━━ Given information ━━
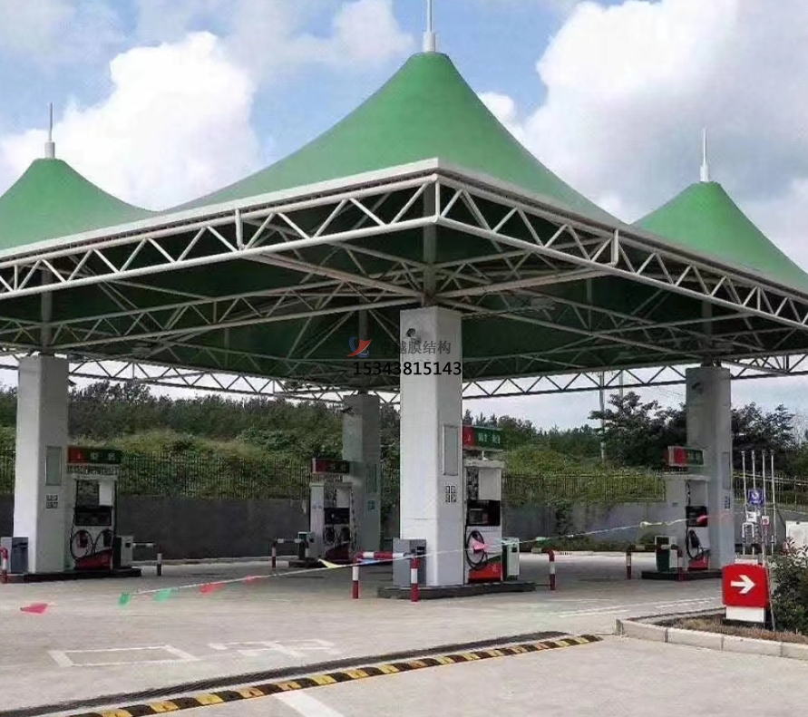 3. 靈活的造型設計:加油站膜結構頂棚可根據建筑需求進行個性化設計,采用曲面造型,不僅美觀大方,還能有效分散雨水和風力,增強頂棚的穩(wěn)定性。
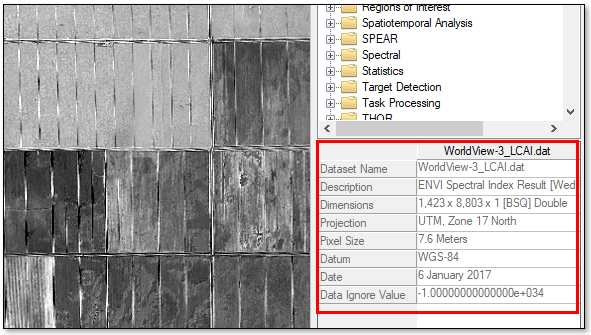 Properties of rasters, annotations, vector layers, contour lines, and grid lines are now displayed in the lower-right corner of the ENVI application below the ENVI Toolbox. You no longer have to double-click these items in the Layer Manager to view and edit their properties. An exception is with vector layers; right-clicking a vector layer and selecting Properties will display the same Vector Properties dialog as before so that you can edit properties of individual attributes.
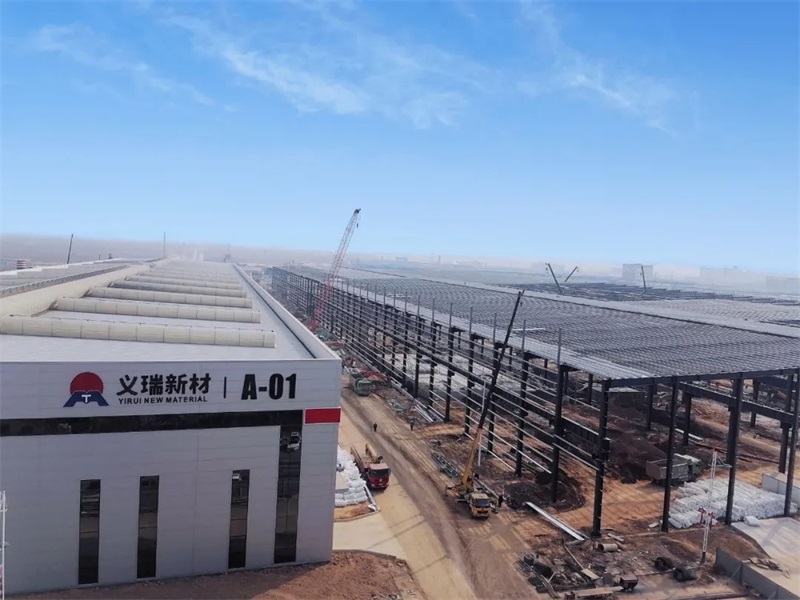 施工車輛穿梭奔忙,一跨跨車間正在拔節(jié)生長……義瑞新材的項目建設(shè)正在加速推進。
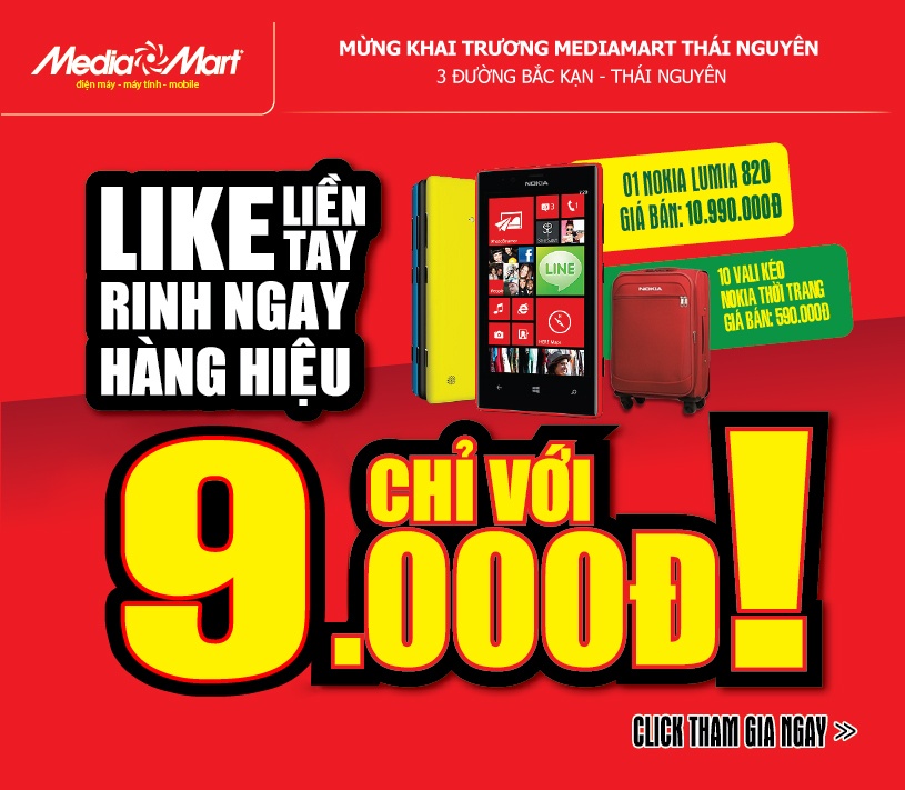 Nằm trong chuỗi sự kiện chào mừng khai trương siêu thị thứ 9 trong Hệ thống thế giới điện máy Media Mart, cuộc thi "Like liền tay - rinh ngay dế khủng chỉ với 9000 đồng" được tổ chức trên fanpage http://www.facebook.com/DienmayMediaMart đã diễn ra vô cùng sôi động và hào hứng với sự tham gia của hơn 600 người chơi.
━━━
- What this task involves: Copy the listing word for word, excluding its pictures.

- Solution to the exercise:
 3. 靈活的造型設計:加油站膜結構頂棚可根據建筑需求進行個性化設計,采用曲面造型,不僅美觀大方,還能有效分散雨水和風力,增強頂棚的穩(wěn)定性。
 Properties of rasters, annotations, vector layers, contour lines, and grid lines are now displayed in the lower-right corner of the ENVI application below the ENVI Toolbox. You no longer have to double-click these items in the Layer Manager to view and edit their properties. An exception is with vector layers; right-clicking a vector layer and selecting Properties will display the same Vector Properties dialog as before so that you can edit properties of individual attributes.
 施工車輛穿梭奔忙,一跨跨車間正在拔節(jié)生長……義瑞新材的項目建設(shè)正在加速推進。
 Nằm trong chuỗi sự kiện chào mừng khai trương siêu thị thứ 9 trong Hệ thống thế giới điện máy Media Mart, cuộc thi "Like liền tay - rinh ngay dế khủng chỉ với 9000 đồng" được tổ chức trên fanpage http://www.facebook.com/DienmayMediaMart đã diễn ra vô cùng sôi động và hào hứng với sự tham gia của hơn 600 người chơi.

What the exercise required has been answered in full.